Listed entries>
━━━━━━

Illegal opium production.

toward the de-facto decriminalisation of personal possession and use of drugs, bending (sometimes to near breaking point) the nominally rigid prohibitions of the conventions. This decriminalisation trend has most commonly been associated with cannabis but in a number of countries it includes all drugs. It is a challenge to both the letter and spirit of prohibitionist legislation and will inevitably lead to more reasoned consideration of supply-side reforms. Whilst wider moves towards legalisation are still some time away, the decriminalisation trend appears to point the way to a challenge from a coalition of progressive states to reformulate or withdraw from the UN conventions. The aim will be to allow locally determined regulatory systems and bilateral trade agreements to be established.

━━━━━━

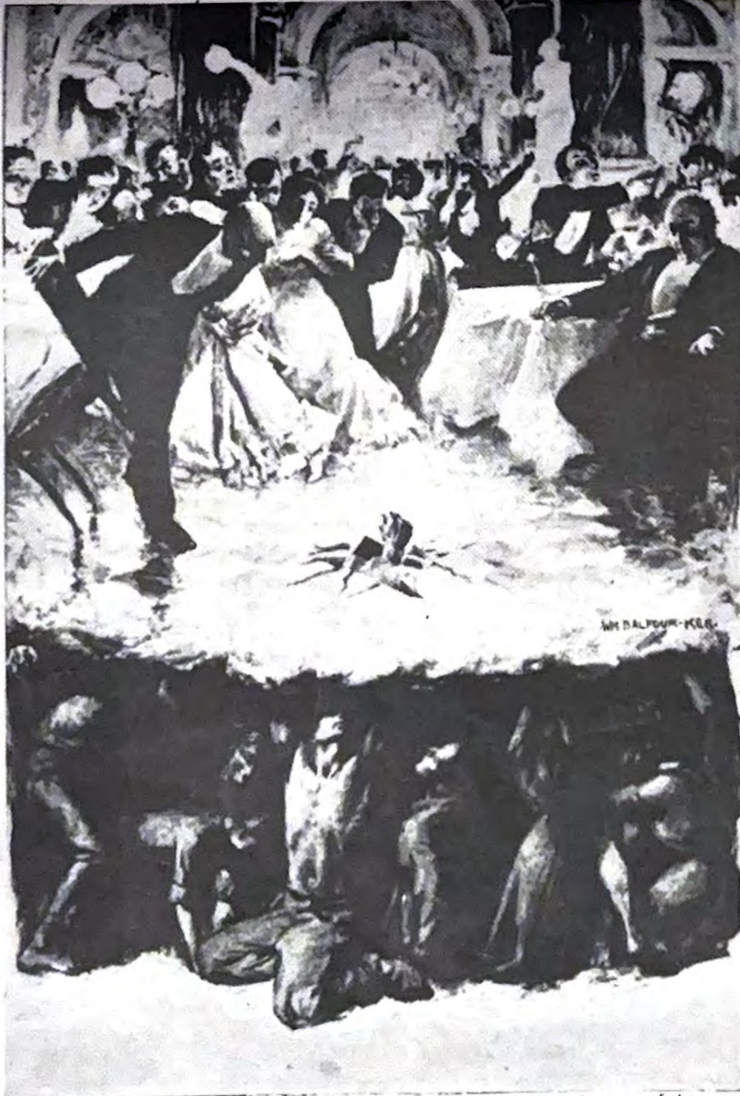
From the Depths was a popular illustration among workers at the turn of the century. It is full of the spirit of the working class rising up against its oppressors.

━━━━━━

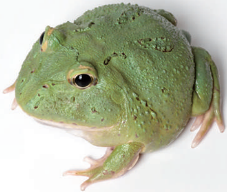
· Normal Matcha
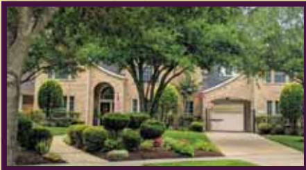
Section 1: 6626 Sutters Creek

━━━━━━

Exercise brief> Whenever the string "spirit" shows up in a line above, copy that line.

Solved exercise>
toward the de-facto decriminalisation of personal possession and use of drugs, bending (sometimes to near breaking point) the nominally rigid prohibitions of the conventions. This decriminalisation trend has most commonly been associated with cannabis but in a number of countries it includes all drugs. It is a challenge to both the letter and spirit of prohibitionist legislation and will inevitably lead to more reasoned consideration of supply-side reforms. Whilst wider moves towards legalisation are still some time away, the decriminalisation trend appears to point the way to a challenge from a coalition of progressive states to reformulate or withdraw from the UN conventions. The aim will be to allow locally determined regulatory systems and bilateral trade agreements to be established.
From the Depths was a popular illustration among workers at the turn of the century. It is full of the spirit of the working class rising up against its oppressors.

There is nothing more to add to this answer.